Attempting to count continuous clusters of dummy variables

Faraz Usmani

Join Date: Apr 2014

Posts: 2
#1

Attempting to count continuous clusters of dummy variables

23 Apr 2014, 11:34

I've panel data on annual credit-to-GDP (c_gdp) ratio for 48 countries (countrycode) between 1980-2010 (year). I've generated a dummy variable (boom) that is '1' if the change in the credit-to-GDP ratio in the previous four years (including the current year) is positive - a 'credit boom'.

Given the nature of the data, this results in separated clusters of such booms where, for example, boom = 1 when year = 1987, 1988, 1989, 1990, and 1991 (5 consecutive years). The 'boom' variable is then a missing value until boom = 1 again when year = 2001 ... 2009 (9 consecutive years). I would like to count the number of 1's in these separate clusters (i.e., 5 for the first cluster, 9 for the second cluster, and so on) and am unable to figure out how to count separate clusters for each country within the same variable.
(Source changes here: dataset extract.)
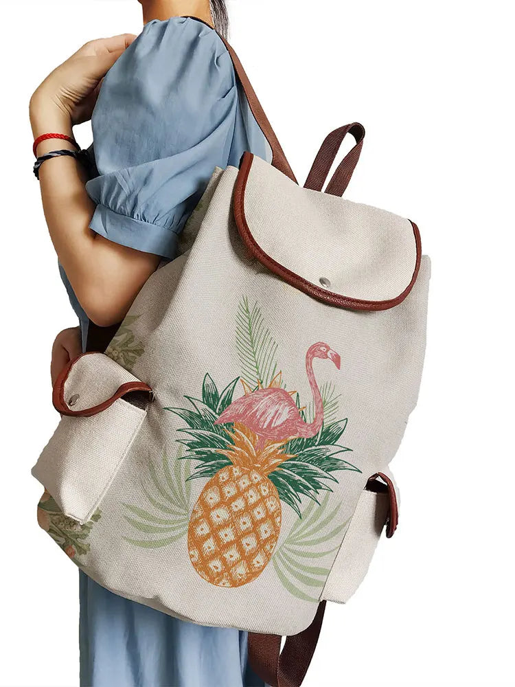Coconut Tree Flamingo Printed Drawstring Backpack Casual All-Match School Bag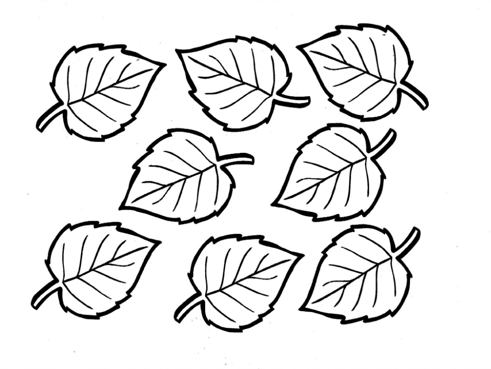 Распечатываем, вырезаем и кладем на цветную бумагу. Обводим и опять вырезаем. Так делаем все необходимые нам листья для аппликации.

For your reference, here is an example using grunfeld, where I would like to count the separate clusters of 1's in the 'boom' variable for each company:

webuse grunfeld, clear
drop invest kstock time
tsset company year
gen D_mvalue = D.mvalue
gen boom = 1 if D_mvalue > 0 & !mi(D_mvalue)

Thank you for your consideration.
Tags: categorical, continuous, count, panel
Dave Airey

Join Date: Apr 2014

Posts: 398
#2

23 Apr 2014, 11:45

How about changing the 1s and missings in the boom variable to characters and spaces, concatenating the whole column to a string, and then counting words in the resulting string?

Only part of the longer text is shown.